Introduction
For air combat sim pilots, at first glance there really shouldn’t be much in common between their preferred flight sim and Steel Beasts Professional (Personal Edition) or “PE” for short. There’s no intimate maneuvers to master in an armored vehicle… no High Yo-Yo or Immelman to counter an opponents’ moves. The maximum range of a tank’s cannon is just about the distance of the close-in aerial ‘knife fight’ today; the notion of a main air combat weapon with a range of 3,000 meters would be quaint today in the era of 100km-range air to air missiles. While today’s airborne radars can find and track dozens of targets at once, the best today’s tank commander and gunner can hope for is a clear visual sighting on an enemy tank in the distance, and the Mk1, Mod0 human eyeball. Tanks move at maximum speeds that would cause virtually any aircraft from the last 50 years to drop out of the sky for lack of airflow over the wings.
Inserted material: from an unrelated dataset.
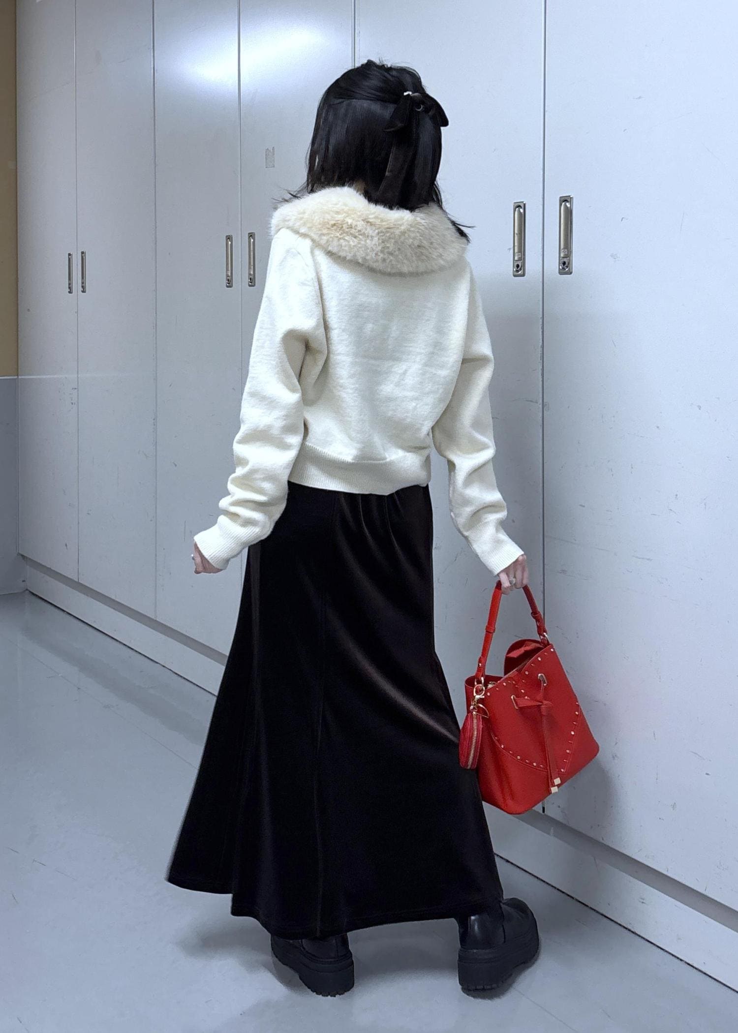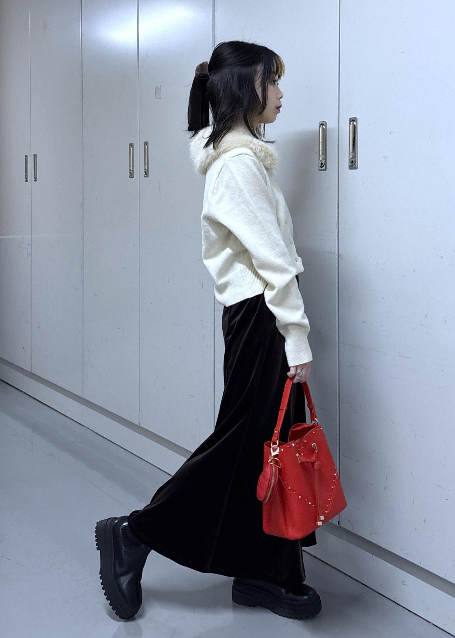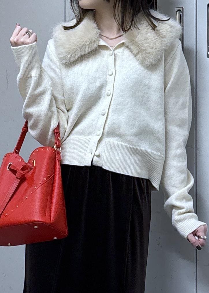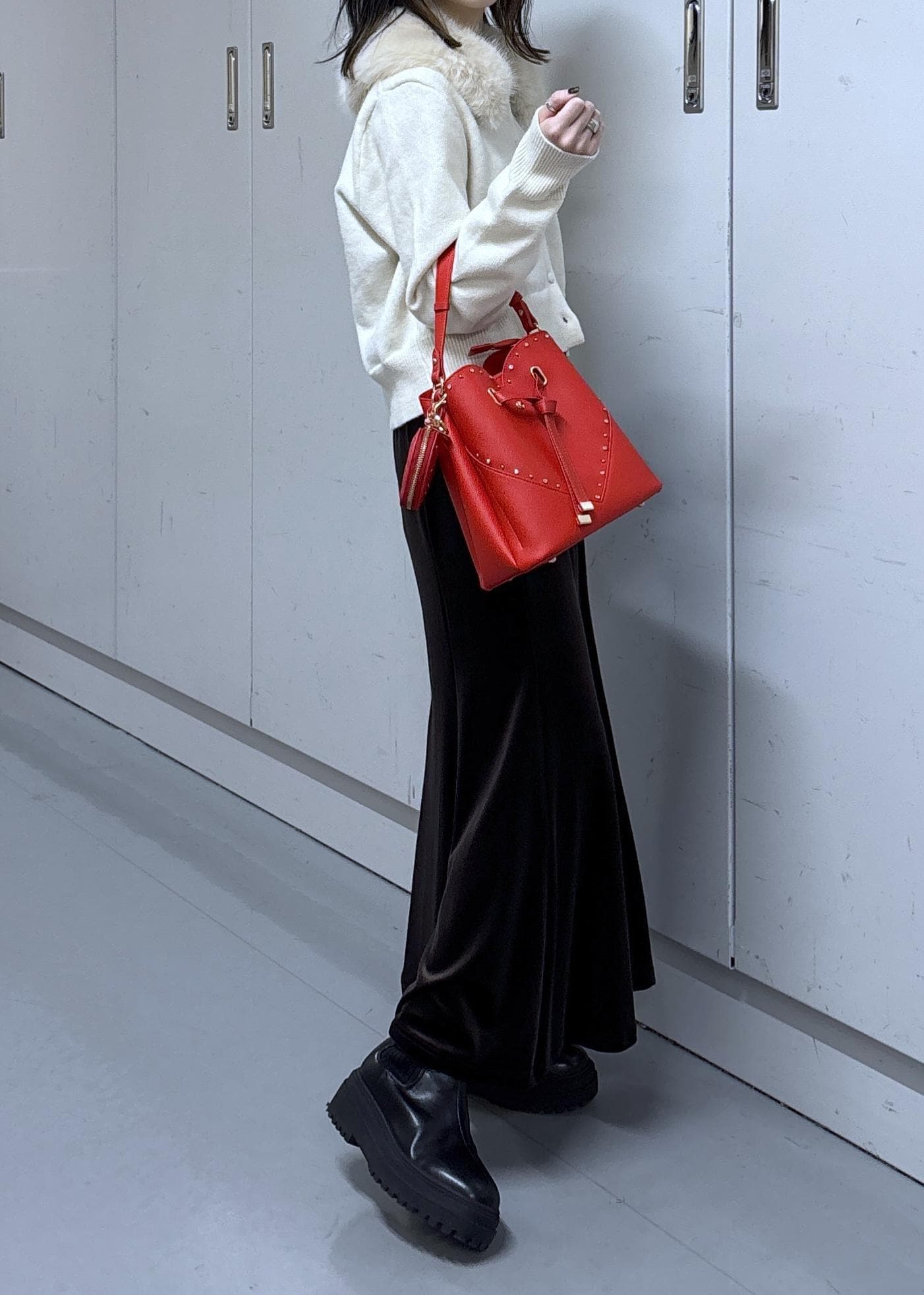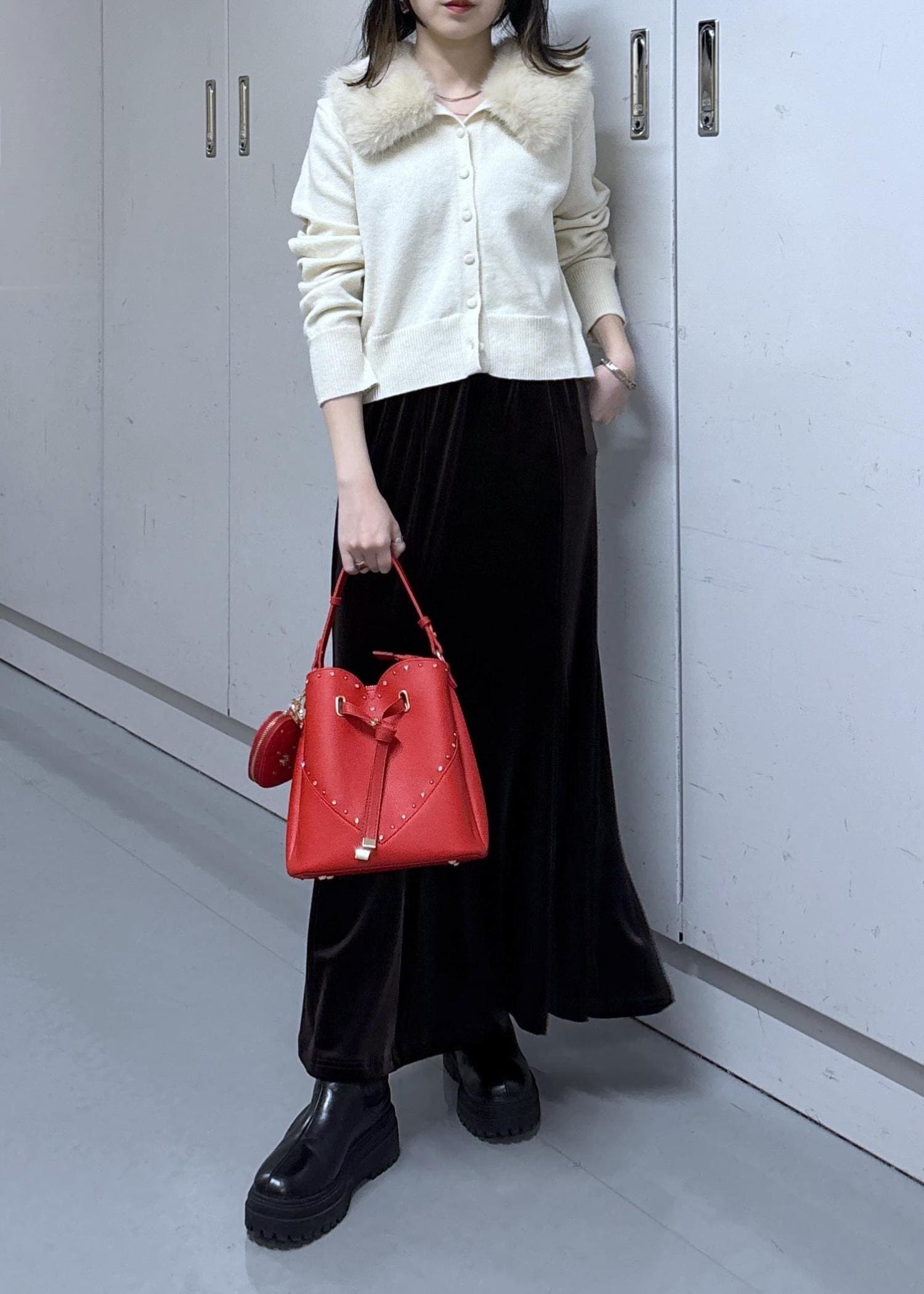 ファーの衿とバッグの赤が目を引く華やかなコーディネート♩

And with the exception of specialized aircraft like the A-10, the notion of armoring an aircraft is foreign… the skins of most modern aircraft can be punctured by any number of basic hand tools.
All those differences are true, but there’s also much for flight simmers to enjoy in PE, which is, in my opinion, quite easily the best tank simulator made. Some of that enjoyment can come from employing similar tactics from your favorite flight sim into PE’s world, where they may have great relevance. Once you move past many superficial differences, flight simmers will find much in common with their virtually armored comrades.
To illustrate that point, and teach a little about tactics, let’s combine some lessons in how to survive and succeed in PE with quotes from the classic book, Robert Shaw’s Fighter Combat: Tactics and Maneuvering (Naval Institute Press, 1985) and available here from Amazon. We’ll also pull a little from the US Army’s Field Manual 17-15 “Tank Platoon.” While FM 17-15 has been replaced with FM 3-20.15, there’s an advantage to the former… it’s available online here and is probably even more relevant to SB Pro PE, since it focuses on the older M1A1 as featured in the sim. In fact, it’s a testament to PE’s reality that so much of FM 17-15 is in fact relevant. Lastly, we’ll pull in some information from SimHQ member “Textanker”, a US Army tanker now back from deployment to Iraq.
“In nearly all cases where machines have been downed, it was during a fight which had been very short, and the successful burst of fire had occurred within the space of a minute after the beginning of the actual hostilities.”
Lt. Colonel W.A. “Billy” Bishop
RAF (72 Victories, WWI)
First Shot Wins
If you want to get philosophical about modern tank combat, try some Hobbes: life is nasty, brutish, and short. Unlike your modern winged peers, there’s no RWR in your tank, screaming at you when painted by radar. There’s no jammer on western vehicles, no fancy defensive electronics. You have your vehicle-produced smoke to blind the enemy, and your armor to protect you, along with whatever tactical skills your cranium brings to the fight. That’s it. Your life on the battlefield ends with the molten blast of a HEAT round slicing through your armor, or in a burst of flaming metal as a penetrator round wins the battle between itself and your armor. Nasty, brutish, and short.
In the majority of battles, I’ve found that it’s only in the debrief (PE offers a GREAT debriefing tool, by the way) that I understood exactly the true nature of the fight. Quite often, my vehicles are killed by something I either didn’t see or didn’t prioritize correctly.
Find the enemy, lay your cannon on him, and kill him. Do it using terrain, tactics, and your capabilities before he does the same to you. It’s really that simple. If you are faster than the computer opponent by just a few seconds, you’re actually in a different league than he is; first shot generally wins.